GM sales continue to slide in China

The company blames the lackluster performance on model changeovers and phasing out of older models.

General Motors has reported another monthly sales decline in the world's largest automotive market.

The American automaker and its Chinese joint-venture partners sold approximately 252,500 vehicles in May, representing a decline of approximately 4.0 percent compared to the same period last year.

The company suggests the slide can be blamed on model changeovers for several models and phasing out of older vehicles. A price-slashing campaign, which reduced the sticker prices on 40 models by up to $8,680 USD, was either too little or too late to bring the month into the black.

Buick -- GM's best-selling brand in China -- recorded a sharp decrease of 12.9 percent in May, though sales of the Envision, Enclave and Encore SUVs were up by nearly 158 percent.

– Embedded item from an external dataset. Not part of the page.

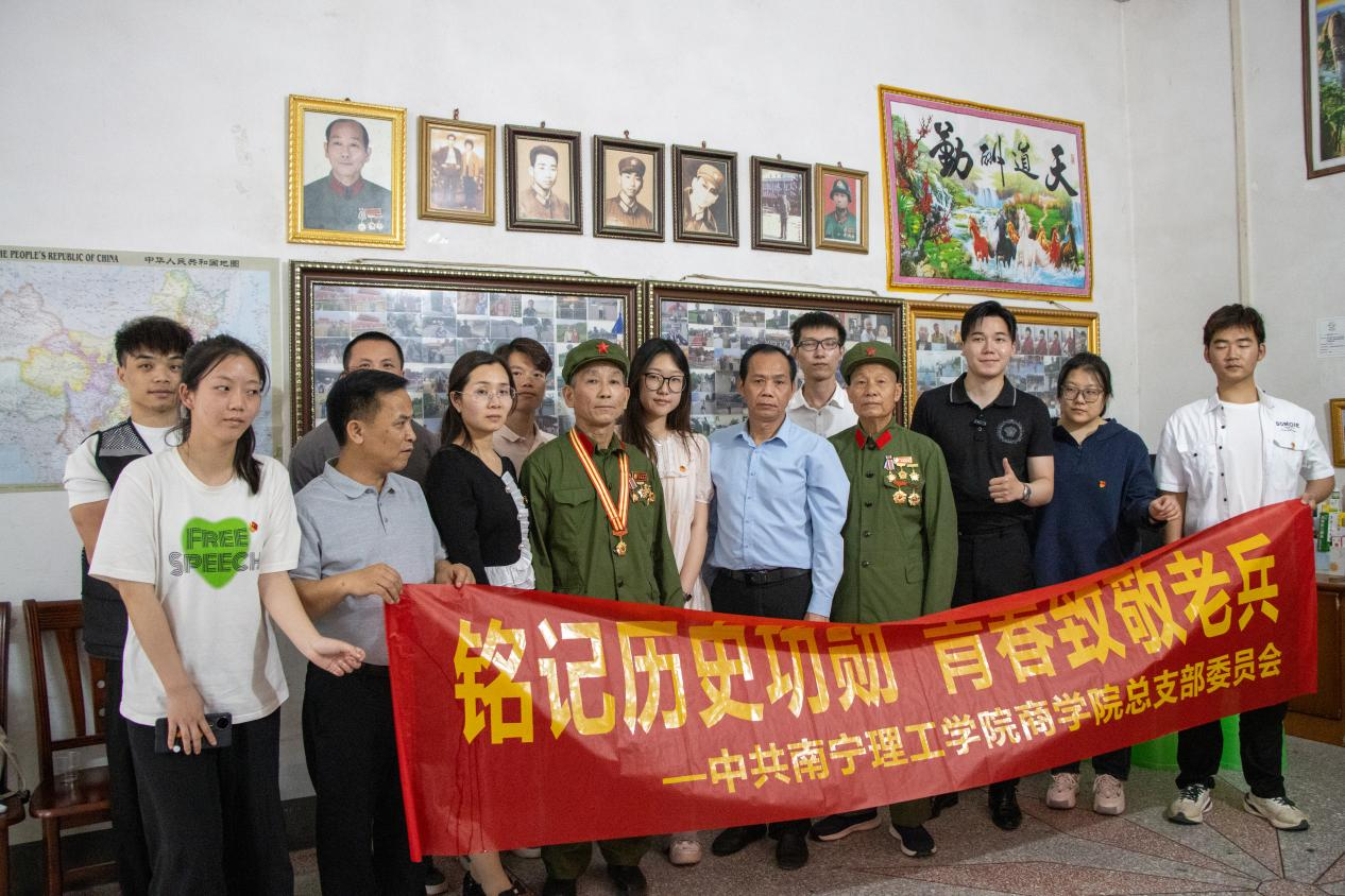 为传承红色文化,铭记历史功勋,中共BV伟德官方网站商学院总支部委员会于2025年4月26日前往河池市大化县县城慰问老兵,师生代表们向这些为国家和人民奉献青春与热血的老兵们致以最诚挚的敬意和最温暖的问候。

Cadillac continues to be a shining star, bringing the only positive growth among GM brands in China for the second month in a row. Shipments were up by nearly 11 percent, with ATS and ATS-L deliveries achieving a five-fold jump.

"China's vehicle market continues to grow at a moderate pace," said GM China president Matt Tsien. "We expect about 6-8 percent annual growth, which is significant given the size of the world's largest passenger vehicle market."

Despite the rough spring, GM has managed to achieve a 5.1 percent increase for the first five months of the year overall.